Kerstin und Herbert Kunstmann führen nicht nur die leckersten Weine in ihrem Sortiment. Ihr Geschäft versprüht auch eine so authentische Atmosphäre, dass ich mich bei ihnen wie im Süden fühle, wenn ich auf ein Glas bei ihnen einkehre. Ich liebe es, Herbert zuzuhören, wenn er von seinen Exkursionen in die mediterranen Weinregionen berichtet. Kerstin begrüßt mich mit ausgestreckten Armen.
   »Willst du heute schon den Wein abholen?« Ich schüttle den Kopf. Bevor ich in die Einzelheiten gehen kann, brauche ich dringend ein Glas vom offenen Bardolino. Ich proste ihr zu und leere das Glas in zwei Zügen.
   »Darf ich mich wundern?«, fragt Herbert, der eine Sackkarre mit Kisten und Kartons in das Bistro schiebt. »Ich dachte immer, du bist der leichte Rosé Typ.«
   »Heute ist eben kein normaler Tag.« Ich berichte von dem nicht stattfindenden Familienfest und meinem Erlebnis beim Schlachter. Dazu gönne ich mir zwei weitere Gläser vom roten Rebensaft.

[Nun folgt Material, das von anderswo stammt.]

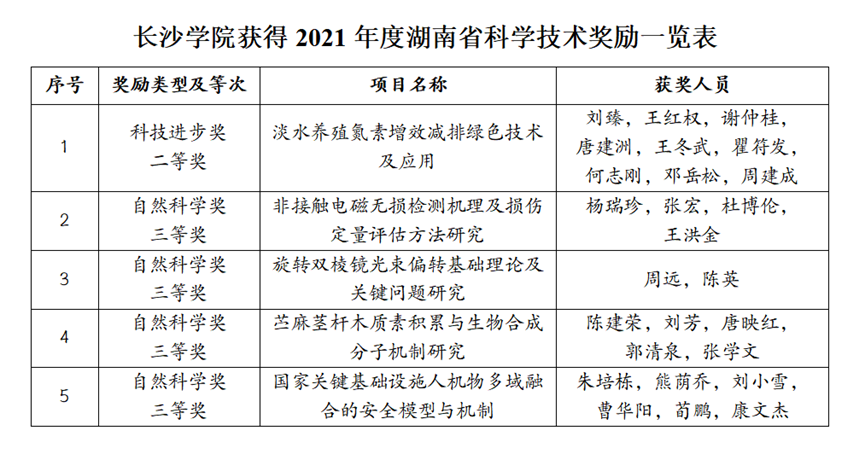 我校作为第一完成单位共有5个项目获得2021年度湖南省科学技术奖励,其中科技进步奖二等奖1项、自然科学奖三等奖4项。其中我院刘臻教授为第一完成人的“淡水养殖氮素增效减排绿色技术及应用”获湖南省科技进步二等奖,我院陈建荣教授为第一完成人的“苎麻茎杆木质素积累与生物合成分子机制研究”获得湖南省自然科学奖三等奖。

   »Möchtest du etwas knabbern?« Kerstin ist es nicht entgangen, dass ihre einzige Kundin im Geschäft schon recht beschwipst ist. Obwohl ich ablehne, stellt sie einen Teller mit Baguette, Salami, Camembert und Oliven auf den Tisch. »Bitte iss etwas!« Als ich zugreife, fragt sie mich nach meinen neuen Plänen fürs Weihnachtsfest?
   »Auf keinen Fall fahre ich mit in den Schnee! Es wird wohl darauf hinauslaufen, dass ich mit meinem Mann die Festtage allein und ganz in Ruhe verbringen werde.«
   »Mehr Ruhe kann ich Ihnen nur empfehlen«, sagt eine dunkle Männerstimme. Ich drehe mich um und bekomme einen Schreck. Dicht hinter mir steht der Einscheiben-Wurst-Besteller. Ich greife mir an die Stirn und beginne lauthals los zu lachen.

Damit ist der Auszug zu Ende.